Fri, 04 Sep 2009 6:01a.m.

An OECD report on the wellbeing of children is a warning to the Government that it must not cut spending other political parties said today.

The report, Doing Better for Children, was the first time the Organisation for Economic Cooperation and Development (OECD) had reported on child well-being within its 30 member countries.

New Zealand was struggling in terms of health, with the highest youth suicide rate in the OECD and an above-average child mortality rate.

Children lived in poor material conditions, average family incomes were low by OECD standards and child poverty rates were high.

It also showed that the Government spent less money on children than other countries.

Social Development Minister Paula Bennett said the report was important in that it would focus debate on where New Zealand was heading as a country and the way some in society treated children.

Ms Bennett urged caution with some of the data and comparisons with other countries as not all collected the same information and not all were as thorough in trying to deal with problems.

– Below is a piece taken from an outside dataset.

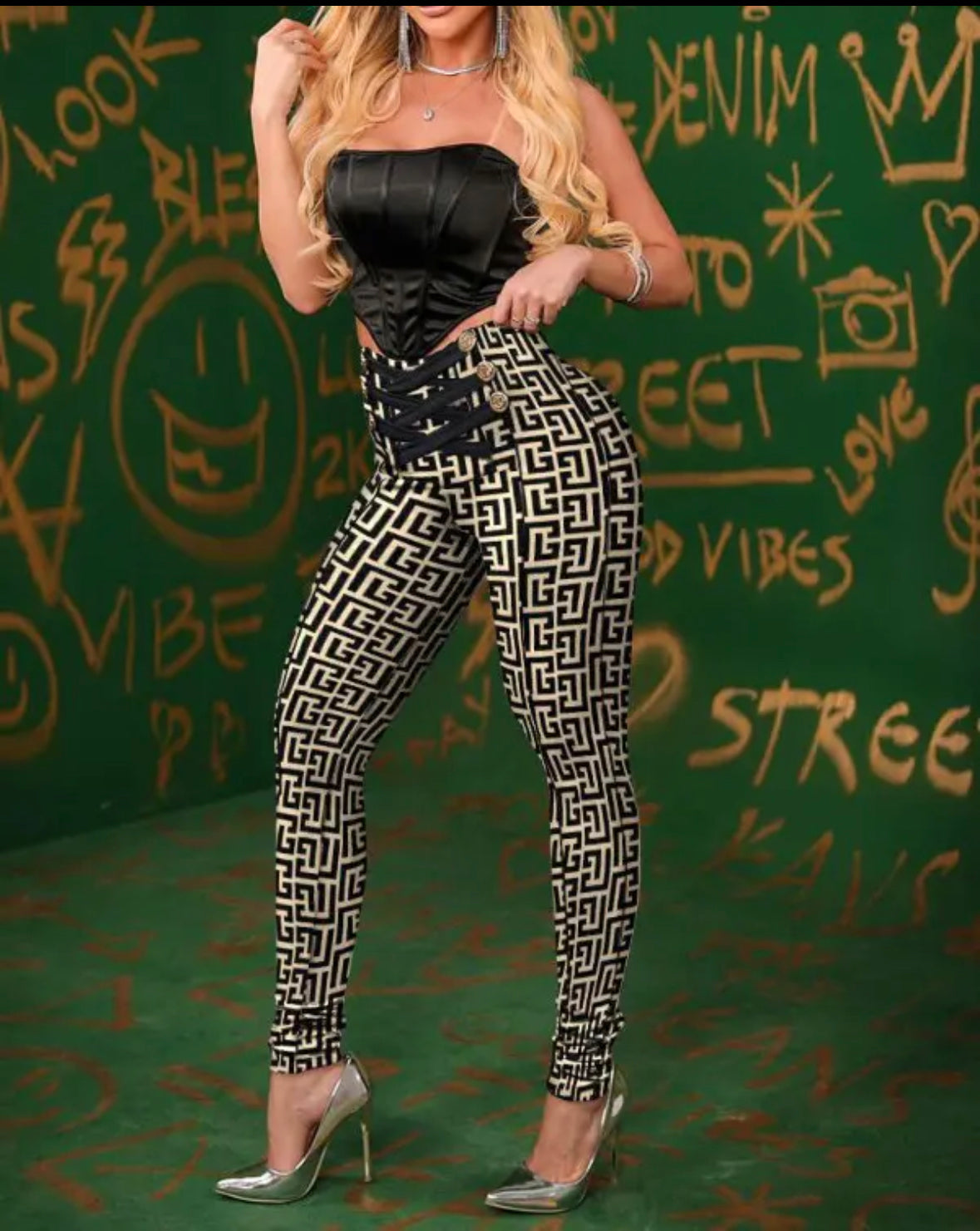 FZ Women's Geometric Print High Waist Butt Lift Skinny Pants

The report only also covered the period between 2003 and 2006 and did not take into account large increases in spending on early childhood education and Working for Families since then.

Labour’s social development spokeswoman Annette King said the report was a sobering reminder that New Zealand had some way to go to alleviate poverty and inequity.

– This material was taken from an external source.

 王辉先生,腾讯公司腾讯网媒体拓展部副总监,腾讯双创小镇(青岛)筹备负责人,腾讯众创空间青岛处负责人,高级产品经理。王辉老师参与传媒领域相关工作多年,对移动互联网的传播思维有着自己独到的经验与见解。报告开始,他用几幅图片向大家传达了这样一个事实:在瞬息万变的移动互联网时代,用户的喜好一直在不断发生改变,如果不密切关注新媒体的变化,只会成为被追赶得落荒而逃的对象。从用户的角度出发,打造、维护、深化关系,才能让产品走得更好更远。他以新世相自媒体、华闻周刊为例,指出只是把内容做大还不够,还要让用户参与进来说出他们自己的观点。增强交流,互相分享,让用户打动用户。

Policies put in place by Labour had taken the edge off much child poverty while in Government and was working on new policies on benefits and Working for Families.

“My message to Paula Bennett is this. Please don’t use the recession as an excuse not to make these children a top priority,” Ms King said.

Maori Party co-leader Tariana Turia said the report should serve as a serious wake up call to New Zealanders.

“It gives me no comfort at all to see that the report confirms all of the things the Maori Party has been saying about the plight of our children and shows that we must lift our game considerably by investing more in our children,” Mrs Turia said.

“The Maori Party has a number of policies which will help in this regard. We want the GST off healthy foods, we want the in-work tax credit extended to families of the unemployed, we believe the first $25000 of income should be tax free and the minimum wage should be lifted to $15 an hour.”